:: Information shown ::
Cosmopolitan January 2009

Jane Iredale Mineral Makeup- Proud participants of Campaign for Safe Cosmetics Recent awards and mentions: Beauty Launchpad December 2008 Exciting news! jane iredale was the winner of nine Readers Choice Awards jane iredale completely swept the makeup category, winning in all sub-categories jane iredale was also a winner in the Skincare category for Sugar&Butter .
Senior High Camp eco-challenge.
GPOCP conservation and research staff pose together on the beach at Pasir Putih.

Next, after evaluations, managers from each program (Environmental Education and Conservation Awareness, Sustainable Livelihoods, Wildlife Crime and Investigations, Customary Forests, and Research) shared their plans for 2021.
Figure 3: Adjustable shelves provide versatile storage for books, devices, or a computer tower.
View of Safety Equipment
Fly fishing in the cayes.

...

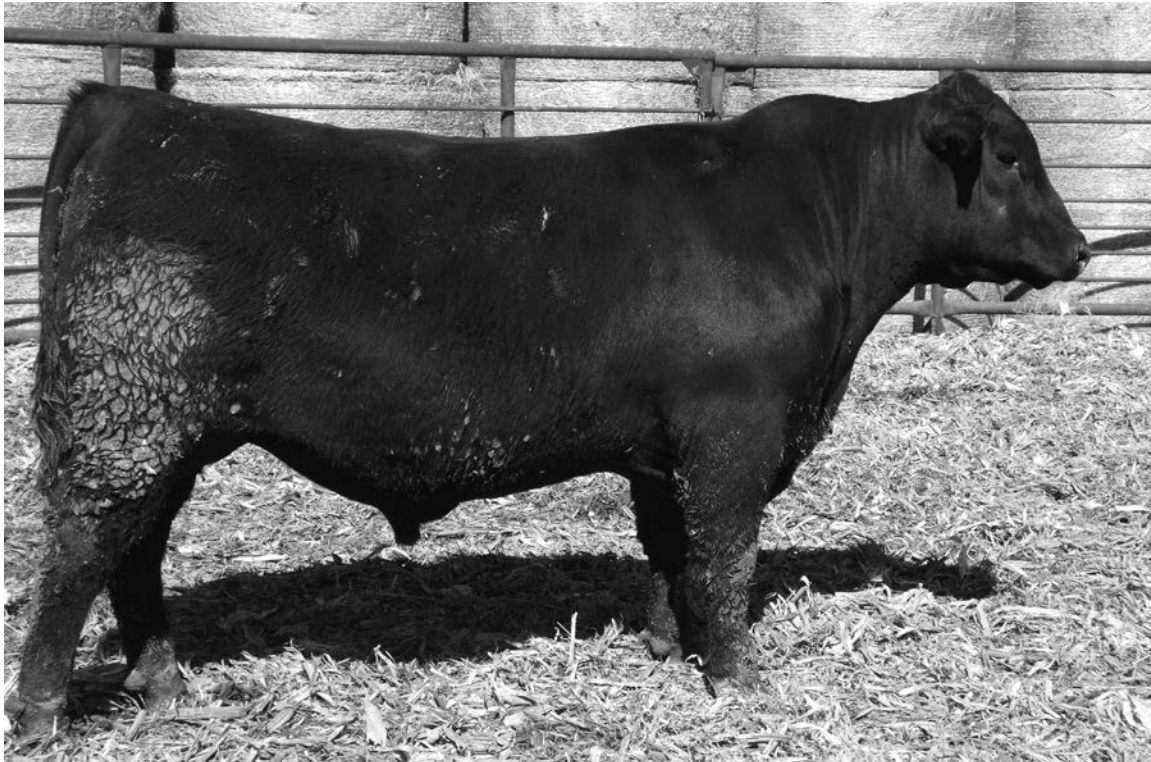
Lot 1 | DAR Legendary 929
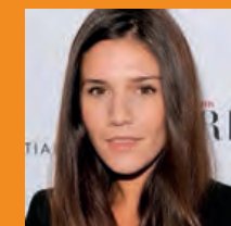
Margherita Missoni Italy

:: What is being asked ::
The exact lines of the material above starting at the one that contains "Cosmopolitan January 2009" and ending at the one that contains "Jane Iredale Mineral" are what to retype; leave out everything else.

:: Response for this exercise ::
Cosmopolitan January 2009

Jane Iredale Mineral Makeup- Proud participants of Campaign for Safe Cosmetics Recent awards and mentions: Beauty Launchpad December 2008 Exciting news! jane iredale was the winner of nine Readers Choice Awards jane iredale completely swept the makeup category, winning in all sub-categories jane iredale was also a winner in the Skincare category for Sugar&Butter .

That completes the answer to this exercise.